The Benchmarking Suite comes with a set of third-party benchmarking tools, each of them with a set of different test configurations ready to be executed. The tools are:

- **CFD**: a tool realized in the CloudPerfect EU project [1]_ that uses OpenFOAM to run a waterbox simulation. Can be configured with different solvers, number of iterations and write to disk strategies. It is primarily a CPU intensive benchmark;
- **DaCapo**: a tool for Java benchmarking simulating real world applications with non-trivial memory loads. It is mainly a CPU and memory intensive benchmark;
- **Filebench**: a powerful and flexible tool able to generate and execute a variety of filesystem workloads to simulate applications like Web servers, File servers, Video services. It is mainly a Disk intensive benchmark;
- **Iperf**: is a tool for active measurements of the maximum achievable bandwidth on IP networks;
- **Sysbench**: a tool to test CPU, memory, file I/O, mutex performance and MySQL on Linux systems;
- **YCSB**: a tool for database benchmarking that supports several database technologies. In the Benchmarking Suite, tests for Mysql and MongoDB are provided. It is primarily a Disk intensive benchmark;
- **WebFrameworks**: tests common web frameworks workloads like fetching and inserting data in a database or create/parse json objects. It is mainly a Memory and Network intensive benchmark;


The following table summarizes the tools available and their compatibility with different operating system.

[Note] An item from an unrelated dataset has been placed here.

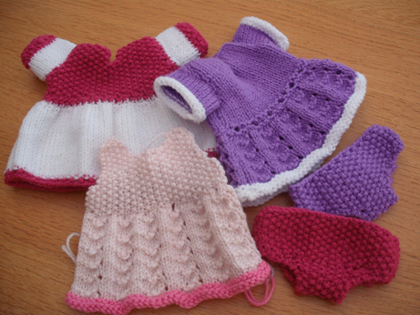 I have really enjoyed knitting this, especially the little dresses – it seems, as with my stitching, that I like doing small projects best. I have even had a quick peak at the Jean Greenhowe site recently and admired all her characters. I shall aspire to become one of those little old ladies who knits endlessly for church fetes!

.. csv-table:: Test-OS compatibility matrix
    :widths: auto
    :header: Tool, Version, CentOS, Ubuntu 14, Ubuntu 16, Ubuntu 18, Ubuntu 20, Debian

    CFD,            1.0,        ✗, ✓, ✗
    DaCapo,         9.12,       ✓, ✓, ✗
    Filebench,      1.4.9.1,    ✓, ✓, ✓
    Iperf,          2.0.5,      ✗, ✓, ✓
    Sysbench,       2.1.0,      ✗, ✓, ✓
    YCSB-MySQL,     0.12.0,     ✓, ✓, ✗
    YCSB-MongoDB,   0.11.0,     ✓, ✓, ✗
    WebFrameworks,  master,     ✗, ✓, ✓


CFD
===
The CFD benchmarking tool has been realized in the context of the CloudPerfect EU project [1]_ and released open source on GitHub [2]_. The tool executes a CFD simulation on a waterbox geometry allowing to customize several parameters in order to simulate different simulations.

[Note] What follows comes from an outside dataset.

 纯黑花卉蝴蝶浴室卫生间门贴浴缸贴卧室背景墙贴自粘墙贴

The following combination of parameters is used in the Benchmarking Suite tests:

.. csv-table::
    :widths: auto

    100iterGAMG, 100 iterations using the GAMG solver
    100iterWriteAtLast, 100 iterations using the GAMG solver and not writing intermediate results on the disk
    500iterGAMG, 500 iterations using the GAMG solver
    500iterGAMGWriteAtLast, 500 iterations using the GAMG solver and not writing intermediate results on the disk
    500iterICCG, 500 iterations using the ICCG solver
    500iterPCG, 500 iterations using the PCG solver

All the tests uses all the CPUs available in the machine.


Metrics
-------

.. csv-table::
    :widths: auto
    :header: Metric, Unit, Description

    duration, s, The overall duration of the simulation

DaCapo
======
DaCapo [3]_ as a tool for Java benchmarking by the programming language, memory management and computer architecture communities. It consists of a set of open source, real world applications with non-trivial memory loads. Tests implemented by the tool are:

.. csv-table:: DaCapo tests (source: http://www.dacapobench.org/)
   :widths: auto

   avrora, "simulates a number of programs run on a grid of AVR microcontrollers"
   batik, "produces a number of Scalable Vector Graphics (SVG) images based on the unit tests in Apache Batik"
   eclipse, "executes some of the (non-gui) jdt performance tests for the Eclipse IDE"
   fop, "takes an XSL-FO file, parses it and formats it, generating a PDF file."
   h2, "executes a JDBCbench-like in-memory benchmark, executing a number of transactions against a model of a banking    application, replacing the hsqldb benchmark"
   jython, "inteprets a the pybench Python benchmark"
   luindex, "Uses lucene to indexes a set of documents; the works of Shakespeare and the King James Bible"
   lusearch, "Uses lucene to do a text search of keywords over a corpus of data comprising the works of Shakespeare    and the King James Bible"
   pmd, "analyzes a set of Java classes for a range of source code problems"
   sunflow, "renders a set of images using ray tracing"
   tomcat, "runs a set of queries against a Tomcat server retrieving and verifying the resulting webpages"
   tradebeans, "runs the daytrader benchmark via a Jave Beans to a GERONIMO backend with an in memory h2 as the underlying database"
   tradesoap, "runs the daytrader benchmark via a SOAP to a GERONIMO backend with in memory h2 as the underlying database"
   xalan, "transforms XML documents into HTML"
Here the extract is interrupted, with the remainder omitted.